Here's how a typical day worked. I'd set a direction and hand implementation to Codex. Codex would build, compile, and run the stress test suite: 38 tests covering Fibonacci, 100-case switch dispatch, function pointers, nested loops, mixed arithmetic, and a growing pile of edge cases. If the tests passed, the pipeline compiled a known binary with full obfuscation, loaded it into IDA Pro, and handed it to Revenant, a reverse engineering agent I built that controls IDA over RPC using Claude Opus. Revenant would decompile functions, try to identify the VM dispatcher, look for patterns in the handler table, trace the bytecode decoding. It was the automated red team. Every few days I'd sit down and try to crack the binary myself in IDA. Sometimes I found things Revenant missed. Sometimes it found things I missed because it was more systematic.

When things broke, they broke in ways AI couldn't fix. Codex would get stuck on a bug for 20+ hours. I'm not exaggerating. I would go to sleep, wake up, and it would still be spinning, trying increasingly absurd approaches to the same problem. What worked was me stepping in: stop, make a minimal repro, add it to the test suite, trace step by step. That usually solved it within an hour. The suite grew from 10 to 38 tests over the month, each one there because something broke and I made sure it couldn't break the same way again. The worst bugs were miscompiles. A function returns the wrong value after obfuscation, and Claude suggests plausible fixes that are wrong because it doesn't understand nsw versus nuw flags on an add, or how opaque pointers changed GEP semantics in LLVM 17+. Those were always me reading LLVM source and tracing IR by hand.

What I'd change

The VM interpreter is generated per-module. Ten source files means ten interpreters, which bloats binary size. A shared interpreter with per-module bytecode tables would work better for real projects.
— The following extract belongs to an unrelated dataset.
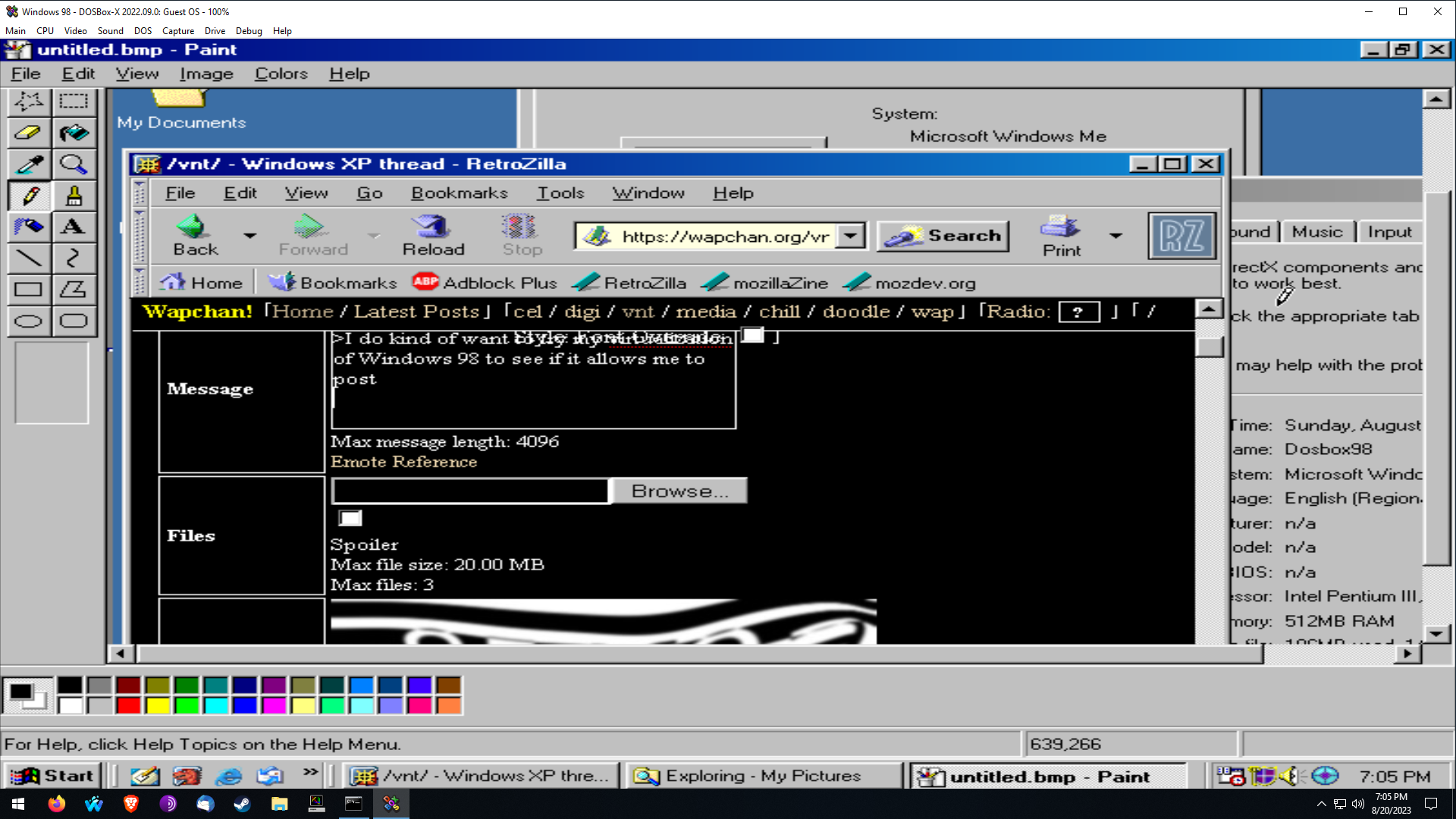 >>337>I do kind of want to try my virtualization of Windows 98 to see if it allows me to postLooks like it works! I can see the captcha.

The test suite grew from bugs I hit, which means it only covers failure modes I've already seen. Fuzzing the obfuscator with random LLVM IR would catch edge cases faster than waiting to stumble into them.
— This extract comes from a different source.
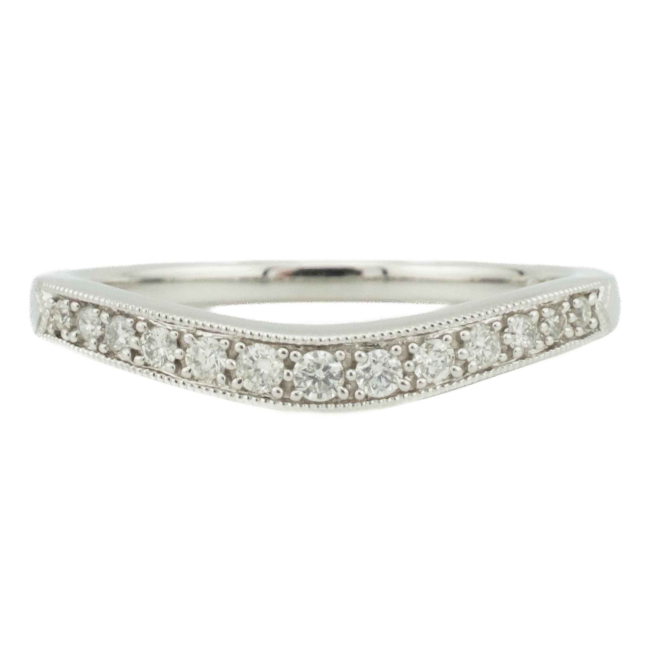 This diamond accented wedding band is a state item. The wedding band has been inspected by a professional jeweler. All diamonds have been graded by our GIA trained Accredited Jewelry Professional. All diamond and gemstone weights are approximate. Please see the photos for reference.

Some of the passes need evaluation against real reverse engineers, not just Revenant. I'd want to put obfuscated binaries in front of people who do this for a living and see what they actually struggle with versus what they cut through in minutes.

And the Codex workflow needs guardrails. Letting it spin for 20 hours is a waste. Something that detects "this agent has been trying the same fix for two hours" and forces a pause would have saved me a lot of babysitting.

What I learned

The gap between "this compiles" and "this compiles correctly" is massive in compiler work. A pass that silently miscompiles one edge case in a thousand is worse than one that crashes. I spent more time on correctness testing than on any individual feature.

Feistel networks are underrated. Simple, invertible, parameterizable. I used them in three places (flattening dispatch, VM bytecode encoding, VM register encoding) and they worked in all of them.

The bigger takeaway is about how to use AI on a project like this. I didn't write most of the code. I didn't even come up with all of the design. What I did was set up a process where AI built things, AI attacked those things, and I was the person who watched it all and knew when to change direction. Most of the time that meant letting it run. Sometimes it meant telling Codex to stop and start over. That's a different kind of work than what I expected going in, and I think it's closer to what a lot of engineering is going to look like soon.

Source is at github.com/dannyisbad/kilij.